Monday, September 29, 2008

To Fear or Not to Fear: Is that the Question?

The House voted No. All hell broke loose at the New York Stock Exchange. As one pundit put it, the House refused to pony up $700 billion; the market lost $1.1 trillion. This, we are told, endangers pension funds, money market funds and business in general.
It is certainly being presented as an all but unparalleled crisis. Is it? I confess I have no feeling one way or the other. Are we in a real crisis – or is this an effort to scare us enough so that we are finally willing to cover a lot of bad loans?
It’s a fair question, actually. Even if the market (the world’s largest gossip mill) tumbles again tomorrow, is it a true crisis – or are we hearing a lot of self-fulfilling prophecy? Again, I have no feeling one way or the other; I’m merely aware that there are two ways to view this mess.
All the media say this is the real thing, a real live disaster. So say the President, the candidates, the Street, Congressional leaders, and everyone who claims to speak for someone else. Can all these people be wrong? More to the point, could all these people be in collusion, wittingly or no?
Something that happened when I was a youngster working at the Newsweek Magazine editorial make-up desk keeps nibbling at my mind. At the time the John Birch Society was all over the media with its allegations that we were being sold out to the Communists.
The Society was getting all kinds of ink, all kinds of exposure. One Monday when we were putting together the magazine’s Periscope section, the editorial assistant offered the editor yet another story about the machinations of the John Birch Society. He declined it. “We’ve been told,” he said, “not to run any more stories about them.”
I assumed that was just a Newsweek policy. But over the next few months – starting from that very week, I suddenly realized there was nothing about the Society in Time Magazine, the New York Times, the television networks or any other paper I could check out. (We got them all at Newsweek.)
So whose policy was it? All those editors and news bureau chiefs met at the same club and voted unanimously? I find it hard to believe.
Then there’s the infamous or famous NSC-68. National Security Council study sixty eight. Back in early 1950. Now that World War II was past and gone, the American economy was tanking with no more war production. It almost seemed as if we were going back to 1938 and the Depression.
This top secret document – later declassified – talked at length about the need to revitalize our defense industries to counter the imminent Russian threat. (Now Joe Stalin was possibly nastier than Hitler, but his country was in ruins in the late 1940s. He had a few atomic bombs but no way to deliver them. He had kept his Yalta agreements and backed down more than once to American force.
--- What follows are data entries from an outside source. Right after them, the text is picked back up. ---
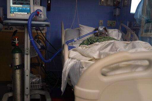 A COVID-19 patient, placed on a ventilator, rests at St. Joseph Hospital in Orange, Calif. Thursday, Jan. 7, 2021. California health authorities reported Thursday a record two-day total of 1,042 coronavirus deaths as many hospitals strain under unprecedented caseloads. (AP Photo/Jae C. Hong) The Associated Press
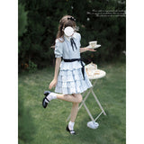透明感にあふれる澄み渡る空みたい。優美で気品ある上品さを湛えるティアードワンピース。幾重にも生地を重ねたスカート部分。胸元にはフリルとプリーツがふんだんに装飾されています。端正な品格と愛らしさを際立たせてくれるアイテム。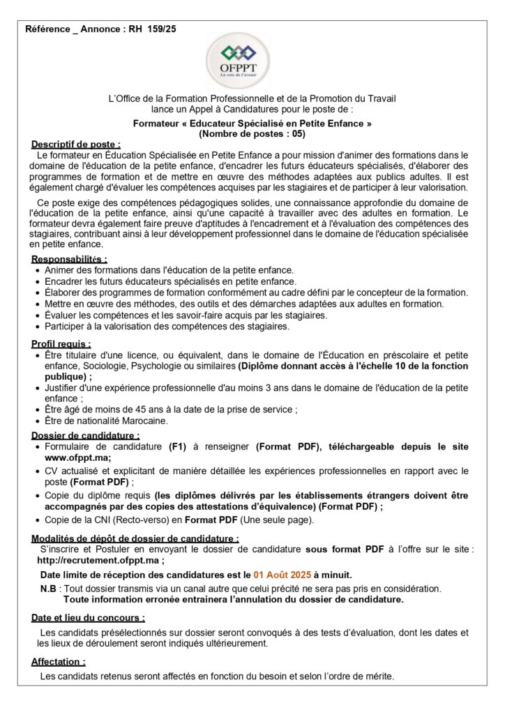 – (05) Formateur “Enducteur Spécialisé en Petite Enfance”.

NSC-68 was beating a nearly dead horse. But within months, a five year old Korean civil war escalated into a crusade for Democracy (after Dean Acheson, the US Secretary of State advertently or inadvertently drew the North Koreans offside by making a speech (Feb 1950) in which he told the world South Korea was not included in our defense perimeter.)
Feeling they had a free hand, the North Korean decided to end the civil war once and for all that June. This led to the Korean War – which effectively frightened Congress and the media into authorizing huge new defense expenditures. No more 1938.
You may call that all a huge Communist plot, but the paper trail simply does not lead that way. Or how about my German Jewish friend who took a job in Voice of America, broadcasting to Germany during WWII? Having grown up under Hitler, he had a suspicion of government.
He began to notice that American troops and bases were popping up all over the world, far from any theatre of war. He made a map, putting dots on it for all these new American bases. One day his supervisor saw that map. My friend was fired the next day.
Why such fear of a map of American bases? Michael Crichton wrote a novel a few years ago called A State of Fear. His whole thesis was that it has been a deliberate policy of American officials and opinion makers to keep this nation in a state of fear so that this or that policy could be implemented.
So, it isn’t entirely ridiculous to stop a moment and ask, “Okay, how real is the need for a multi-billion dollar bailout on Wall Street?” As I say, I have not real feeling on this. I do know the power of a self-fulfilling prophecy. I do feel a nagging doubt, a question or two.
I’m left wondering if Franklin Roosevelt was more right than he knew when he warned that “All we have to fear is fear itself.” He said that during a major financial crisis – the one this one is being compared to.